PROBLEM DETAILS: Go through the records, and copy each line in which the string "zien" is present.

Source records:
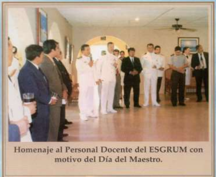
Homenaje al Personal Docente del ESRUM con motivo del Día del Maestro.
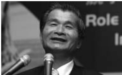
公平會主任委員黃宗樂於95年6月20日「台灣2006競爭法及競爭政策國際研討會」開幕式致詞。
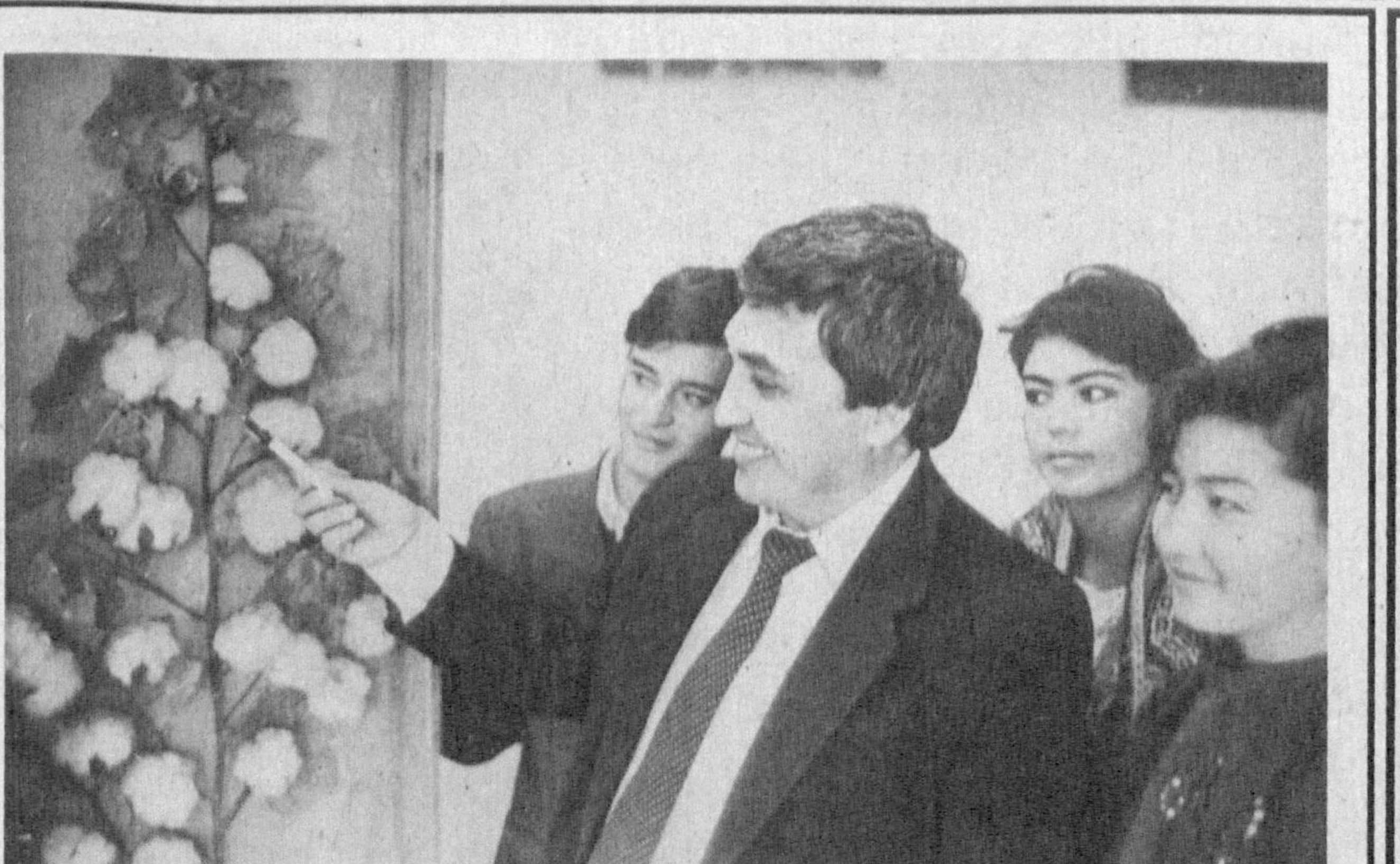
Гафур Фулом номидаги Гулистон давлат университетини қошида очилган янги факультетларда маркетинг ва бошқариш, бухгалтерлик ҳисоби ва аудиторлик соҳаларини ўқитишга алоҳида аҳамият берилаяпти. Бу ерда Тошкентдаги олий ўқув юртиридан тез-тез тақлиф қилинаётган мадакал мутахассис ва олимлар ҳам лекциялар ўқийлапти. Яқинда университет қошида тил ўра-
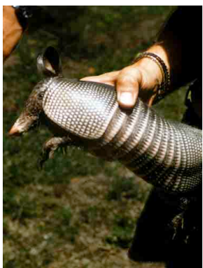
16 Armadillo Nine-banded long-nosed Armadillo Dasypus novemcinctus
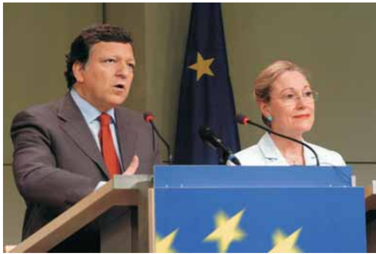
Conférence de presse sur "L'Europe dans le monde: propositions pratiques pour améliorer la cohérence, l'efficacité et la visibilité" par José Manuel Barroso (à gauche), Président de la Commission européenne, et Benita Ferrero-Waldner (à droite), Membre de la Commission européenne.

tandis que la Commission se charge de réaliser des rapports sur l'état d'avancement des progrès réalisés par les pays partenaires. 15 Il est, à cet égard, intéressant de noter qu'une partie du travail préparatoire sur la PEV a été réalisée par le département de la Commission en charge de l'Elargissement. 16 Les domaines prioritaires d'accès établis dans les plans d'action de la PEV s'inspirent largement de la liste des critères politiques et économiques définis à Copenhague en 1993, 17 tandis que l'ap-
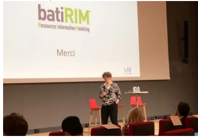
cement lab - BatiRim
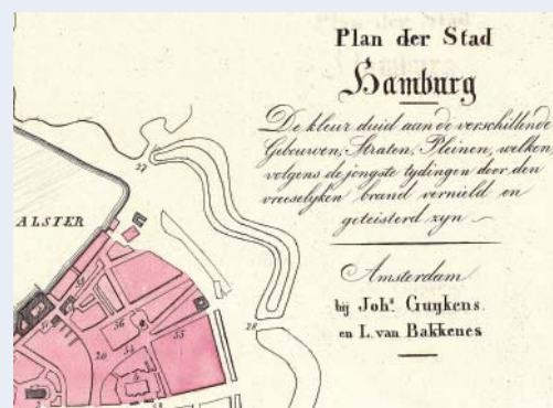
Dit kaartje laat zien dat ook de hele buurt rond en ten oosten van de St. Jacobi Kirche werd aangetast.

Het meest opvallend en karakteristiek voor Hamburg zijn de Binnen Alster en Aussen Alster, fraaie waterpartijen die door menselijk ingrijpen zijn ontstaan. Al in de 12de eeuw veroorzaakte de aanleg van een dam in de Alster een opstuwing van het water erachter, waardoor een kunstmatig meer ontstond. Sinds de 17de eeuw scheidt de Lombardsbrücke de Binnen en Aussen Alster van elkaar. Deze vormen zijn zó karakteristiek en herkenbaar, dat de Duitsers tijdens de Tweede Wereldoorlog de Binnen Alster met grote netten bespanden. Daarop was een fictief stratenpatroon afgebeeld om herkenning vanuit de lucht, vooral van het strategisch belangrijke spoor over de Lombardsbrücke, te bemoeilijken. Wij weten dat het niet heeft geholpen: het centrum van Hamburg is in de Tweede Wereldoorlog bijna van de kaart geveegd. Figuurlijk dan, want naoorlogse plattegronden van de stad laten zien hoe hardnekkig een stratenplan blijft voortbestaan, ook al is de derde dimensie praktisch weggevaagd. •
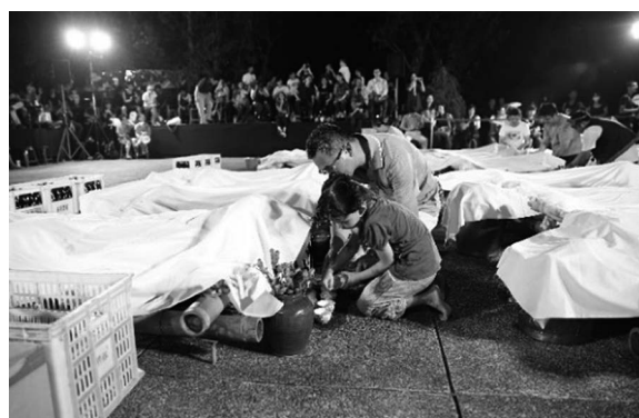
写真6 拝豚の儀礼に際した児童の献酒

続いて、「点豚（diyamdi）」 63 がおこなわれる。CMH氏は「尙祖枋 64 」とI-hingで豚の体を払い、呪文を唱えながら実のついている檳榔の枝を壺に差し込む。「点豚」がされた豚を他の神や幽霊に食べさせないように、助手は豚の上に白い布を置き、豚を覆っておく。その後、豚を献上す

REPLY TO THE TASK:
Dit kaartje laat zien dat ook de hele buurt rond en ten oosten van de St. Jacobi Kirche werd aangetast.
Het meest opvallend en karakteristiek voor Hamburg zijn de Binnen Alster en Aussen Alster, fraaie waterpartijen die door menselijk ingrijpen zijn ontstaan. Al in de 12de eeuw veroorzaakte de aanleg van een dam in de Alster een opstuwing van het water erachter, waardoor een kunstmatig meer ontstond. Sinds de 17de eeuw scheidt de Lombardsbrücke de Binnen en Aussen Alster van elkaar. Deze vormen zijn zó karakteristiek en herkenbaar, dat de Duitsers tijdens de Tweede Wereldoorlog de Binnen Alster met grote netten bespanden. Daarop was een fictief stratenpatroon afgebeeld om herkenning vanuit de lucht, vooral van het strategisch belangrijke spoor over de Lombardsbrücke, te bemoeilijken. Wij weten dat het niet heeft geholpen: het centrum van Hamburg is in de Tweede Wereldoorlog bijna van de kaart geveegd. Figuurlijk dan, want naoorlogse plattegronden van de stad laten zien hoe hardnekkig een stratenplan blijft voortbestaan, ook al is de derde dimensie praktisch weggevaagd. •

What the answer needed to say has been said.